Потом? Когда это «потом» наступает для сумасшедших? Завтра? Через месяц? Через год?

Они вместе уже две недели. И за эти две недели Шурка, кроме той двадцатки, от которой так отказывалась, увидела только десятку, которую Жека неловко сунул ей в руку.

Зато она поняла, что привязывается к нему. И в то же время ненавидит и убить готова за то, что он не замечает, как она голодна и плохо одета.

– Берта, что мне делать? – спрашивает она за чаем, посыпая кусок лимона сахаром. – Он больше не хочет платить.

– Сама виновата, – ехидничает Берта. – Ты перестаралась. Тепепь он в тебе видит не блядь, а будущую мать своего сына. За что он должен платить?

– Лучше было бы, если бы я была просто блядью?

– Для тебя – да. Он не привык к таким, как ты. Он не понимает тонких намеков. Ты должна прийти и сказать прямо: Жека, мне нужно сто евро. Если нет – нет. У тебя всегда будет следующий, – учит Берта. – Просто разворачиваешься и уходишь. Это очень простая система. Знаешь анекдот про двух проституток? Встречаются две проститутки спустя несколько лет и одна говорит другой: «Как ты здорово сохранилась! Есть какие-то секреты?» – «Всего два: деньги вперед и не суетись под клиентом».

Шурка кивает. Обдумывает, как она скажет об этом Жеке. Они видятся каждый день, и она уже очень к нему привыкла. Без него – холодно холодным днем. А деньги... не самое главное в жизни. Раз уж отношения между ними сложились неденежные...

– Жека, я хочу купить платье, – начинает Шурка робко. – Мне нужно...

– Что, моя радость?

– Мне нужно... пятьдесят евро.

– Знаю, моя хорошая. Я завтра еду в рейс, вернусь с зарплатой, – обещает он.

В этот момент Шурка должна «развернуться и уйти».

– Ты едешь?

Обрушивается холод и стискивает сердце. Жека прижимает ее к себе и целует в плечо.

– Еду, моя девочка.
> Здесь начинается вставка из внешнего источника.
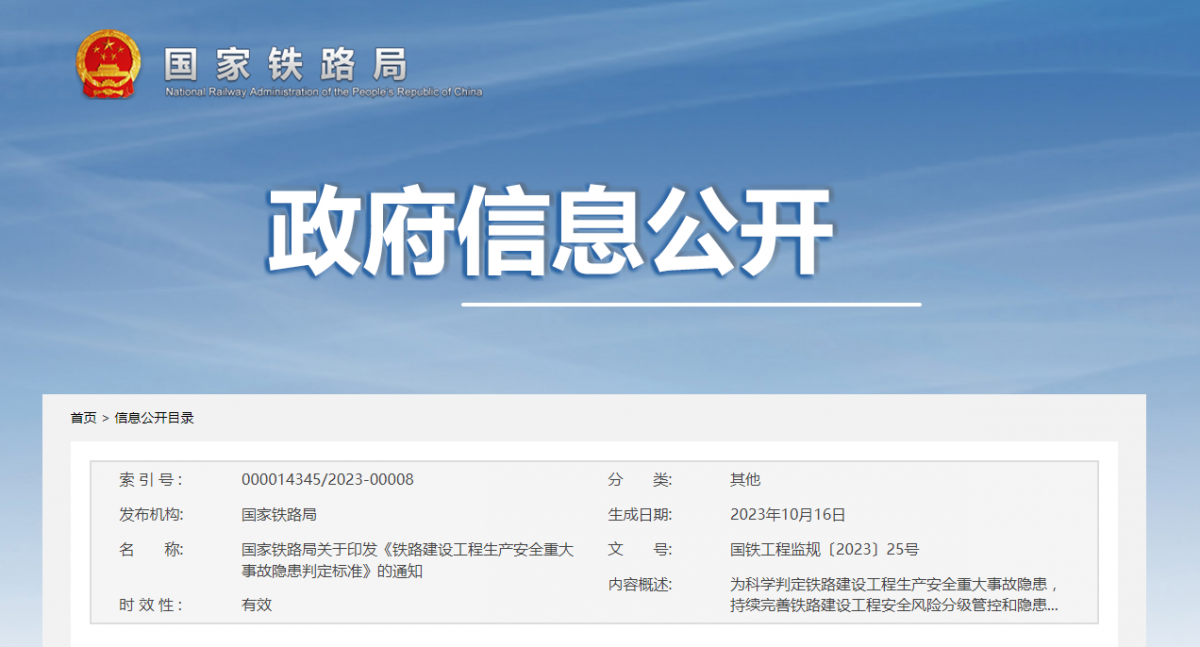 国家铁路局关于印发《铁路建设工程生产安全重大事故隐患判定标准》的通知

Нужно ехать. Будешь меня ждать?

– Буду, Жека. Я буду очень тебя ждать.

И она очень ждет. Зачем? Для неденежных отношений можно найти молодого нищего студента. Но Шурка ждет, как преданная жена, и не смотрит на других мужчин. Ее Жека – лучше всех на свете. Так выходит.

– Ну, что? Он дал тебе денег? – интересуется Берта.

– Дал, – улыбается Шурка.

Берта пожимает плечами.

– Ну, если так, крути его и дальше. Потребуй мобильник по крайней мере. Вообще он соглашается на твои условия?

– Да.

– Презервативами пользуется?

– Конечно.

– Тогда все ок. Будешь еще лимончик?

– Буду...

В них ведь витамин С – в этих лимонах. Этот витамин скрипит на зубах и всю ночь ноет в желудке. Шурка переворачивается с боку на бок – не может уснуть. И ей кажется, что не спится оттого, что Жека далеко, где-то вглядывается в черную трассу, рискуя сорваться с ночного шоссе.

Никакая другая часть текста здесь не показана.